Updated on Jul 15, 2022 08:30 PM IST

The regular service between Bandar Abbas port in southern Iran and the Kandla and Nhava Sheva ports on India’s west coast is expected to be operated every 10 days or so

Shipping containers at an Indian port. (Bloomberg File Photo)
Shipping containers at an Indian port. (Bloomberg File Photo)

Iranian shipping companies plan to put in place a regular service between Bandar Abbas port and two ports in India to handle cargo expected to be shipped from Russia, even as authorities in Tehran have taken steps to include Chabahar port in the International North-South Transport Corridor (INSTC), people familiar with the matter said.

The regular service between Bandar Abbas port in southern Iran and the Kandla and Nhava Sheva ports on India’s west coast is expected to be operated every 10 days or so, and the frequency can be increased to cope with the goods the Russian side plans to ship via INSTC.

The use of Iranian vessels for the service is expected to overcome problems related to sanctions imposed on both Iran and Russia by Western states, as well as the difficulty of insuring cargo in view of the reluctance of international firms to cover freight originating from Iran and Russia, the people said.

The service is expected to be in place within weeks and steps have also been taken by Iranian firms to smoothen the handling of cargo from shipped from Russia, either by sea or railway, to cut down on delays, they said.

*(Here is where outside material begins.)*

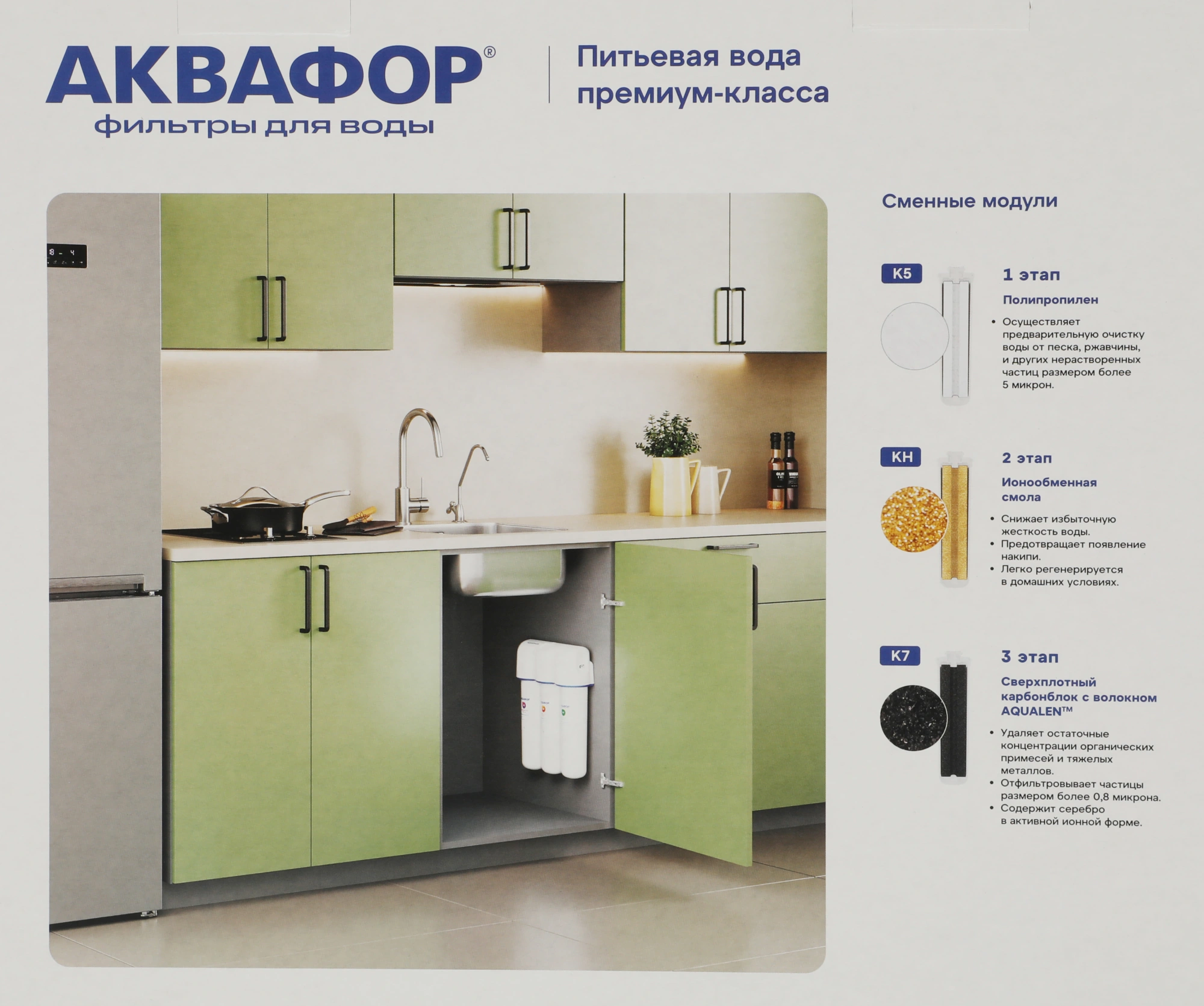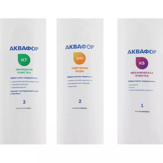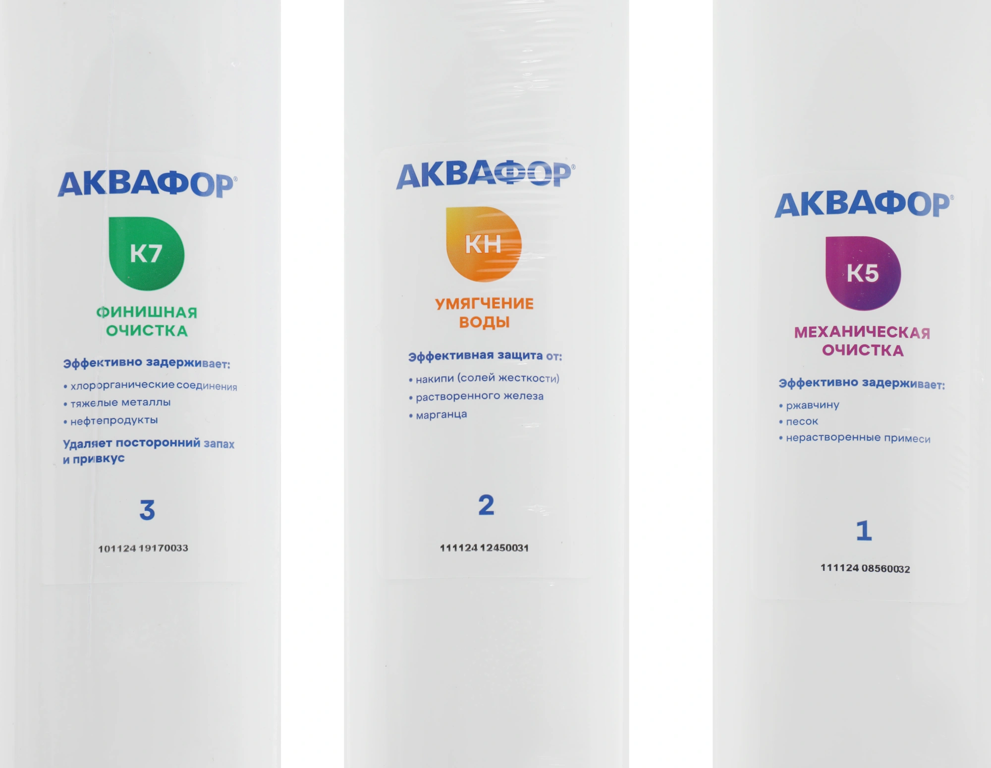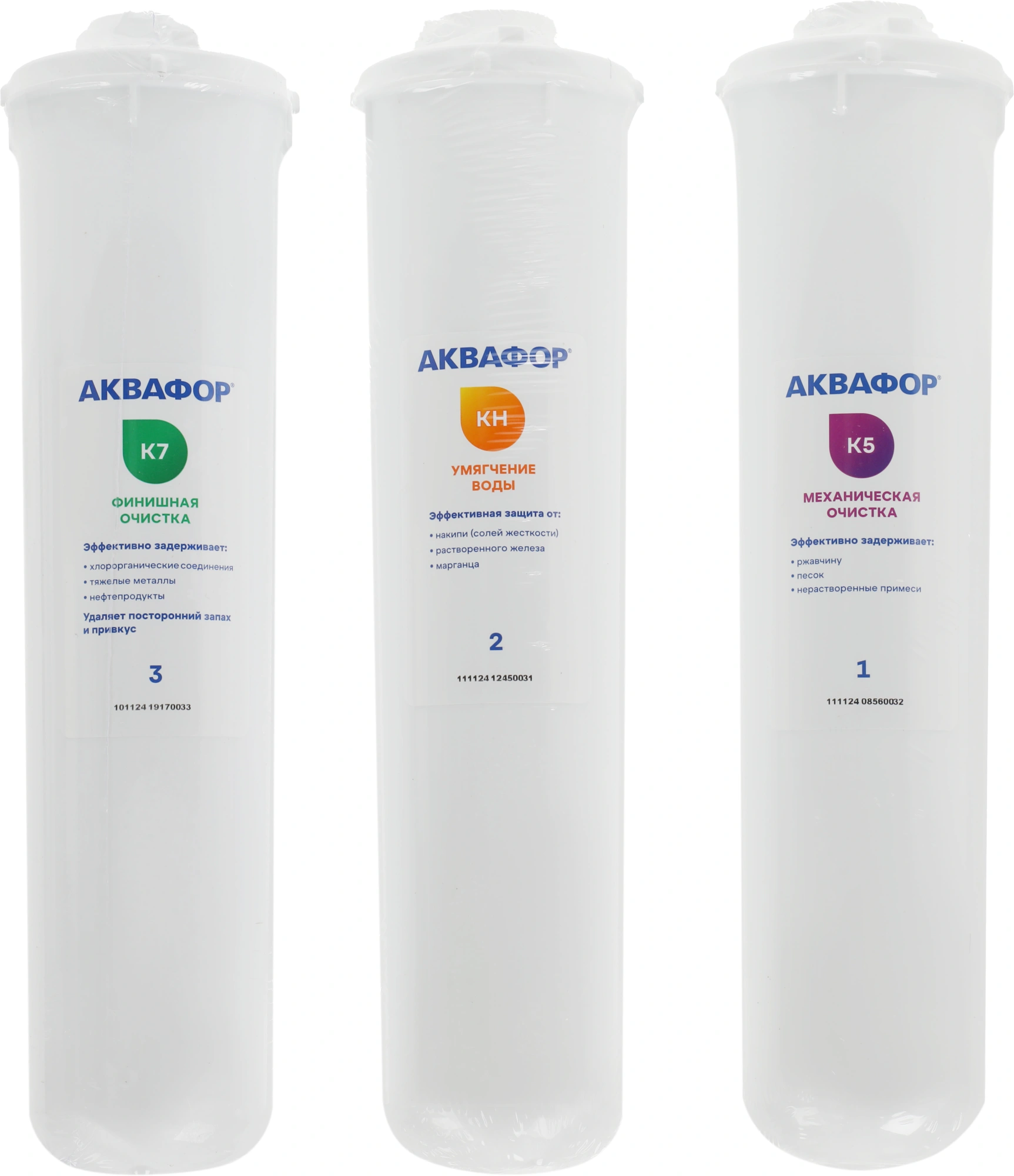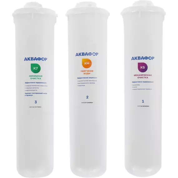 В комплект картриджей входят три модуля: K5 - предварительная очистка; KH - для умягчения воды умеренной или средней жесткости; K7 - финишная очистка.

Also Read:New Delhi, Iran review Chabahar port progress

Following several calls from the Indian side for Chabahar port in southeastern Iran to be formally included in INSTC, authorities in Tehran have informed the INSTC Secretariat that the port on the Gulf of Oman is now deemed to be part of the sea, road and rail transport corridor as the original INSTC agreement signed in 2002 covers all ports and transport networks with Iranian territory.

The people said this arrangement will negate the need for consultations within the INSTC Coordination Council on this issue. The INSTC Secretariat functions under Iran’s ministry of roads and urban development, and clearance for the inclusion of Chabahar port in the multi-nation corridor was conveyed some months ago, they said.

Several factors have led to the renewed focus on INSTC, which was established more than two decades ago, including the Russian side’s push to use the corridor in the face of crippling Western sanctions, Iran’s readiness to serve as a transit route in order to boost trade, and the Reserve Bank of India’s decision of July 11 to allow payments and settlement of exports and imports in Indian rupees.

A Russian train with 39 containers of cargo bound for India entered Iran on July 12 following a trial run with two containers that were shipped from St Petersburg to Nhava Sheva port during June-July. The trial run was completed in 18 days, the people said, almost a week less than the 25 days taken in the past.

“There is growing urgency among Russian exporters to use INSTC to move their goods to India in recent days, especially since traditional routes via the Black Sea and Suez Canal cannot be used currently,” one of the people cited above said.

“The Vladivostok route too is not workable or cost-effective for most goods and that’s another reason for the focus on INSTC,” the person added.

However, Chabahar can effectively be used as part of INSTC only after the railway line from the port to Zahedan is completed, as this will link the port to Iran’s countrywide railway network and enable the fast movement of cargo from the borders of Central Asian states and northern ports on the Caspian Sea such as Anzali and Amirabad.

Following differences with India on the development of the 700-km Chabahar-Zahedan railway line, the Iranian side took up the project with its own finances. A stretch of 580 kms has been completed and Iran plans to start utilising this soon, while the remaining section is expected to be completed in about a year.

The Iranian side is also looking to India to make further investments to boost operations at Shahid Beheshti terminal in Chabahar port, currently operated by an Indian state-run firm. India pledged it would invest $85 million in the terminal and has so far supplied cranes and other equipment worth some $24 million. The people pointed out there is a need for heavy gantry cranes for transferring cargo from ships to land.

Iran’s Ports and Maritime Organization recently announced that handling of cargo at Chabahar had increased 40% during the period from March 21 to June 21, when compared to the same period last year. By comparison, the overall handling of cargo by all ports of Iran increased by 7% during the same three-month period.